Monday 17 December 2007

The Falcon Out West (1944) William Clemens

When the word 'west' is in the title of a series film from the forties, you just know that it's going to manifest itself in the form of a loud rich Texan in a stetson, and sure enough there's one right off the bat. He's even called Tex and ably portrayed by Lyle Talbot even though he's as stereotypical as you could get. He's about to get married, apparently to someone who's only after his money, and his ex-wife wants the Falcon to persuade him out of it. Naturally, he's quickly killed by a rattlesnake bite, at the Flamingo Club no less and with $3,000 in $100 bills missing from his wallet, so the Falcon gets to a lot less persuasion and a lot more investigation.

This film works in two directions. The first is a good one. I've long been a George Sanders fan, but he always seemed bored as the Falcon (and the Saint too, to be honest), and I don't think I'm just letting his last words resonate a little too far. His brother Tom Conway was just as good in their shared Falcon movie, The Falcon's Brother, and seems to get better with each successive solo film. He seems intrigued rather than bored and while their voices are very similar the intonation is very different. The twinkle of mischief in his eye seems real.

The second is not so good. The stereotypes get even worse with the locale shift to Tex's ranch in Texas and they include all those you'd expect to see in a badly stereotyped entry in a movie series. Runaway carriage, check. Game of poker, check. Bucking bronco riding, check. Even singing cowboys, check! At least the Indians aren't the butt of racist jokes: they're the punchlines instead and Detective Bates is the butt. 'How' he says to the first Indian he meets and the Indian replies very politely, 'Very well, thank you.' When they repeated the same joke later without a deliberate setup I laughed aloud.

The comic relief is fun and that makes a very pleasant change.
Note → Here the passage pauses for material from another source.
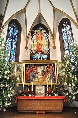 Über dem Tabernakel befindet sich der Flügelaltar, welcher in der Mitte als Hauptmotiv die Entschlafung Mariens im Kreise der Jünger Jesu zeigt. Die beiden Seitenflügel weisen je vier Bildmotive aus dem Leben Mariens auf. Sie beginnen mit einer Darstellung der Verkündigung Mariens und enden mit der Hochzeit zu Kana.[10] Die Rückseiten der Flügel stellen die Nebenpatrone der Pfarrkirche (St. Laurentius, St. Sebastian) dar. In der Fastenzeit sowie in der Adventszeit wird der Flügelaltar zugeklappt, sodass auch diese Gemälde besichtigt werden können.

The story isn't particularly surprising but there's some clever dialogue and the mystery isn't awesomely obvious. Bates is dumb but believably dumb, and as a counter the Falcon is believably clever. There's even some solid southwestern history, which I certainly wasn't expecting. A host of surprises and Tom Conway's mischievous twinkle outweigh the cowardly rush into stereotypes in my book.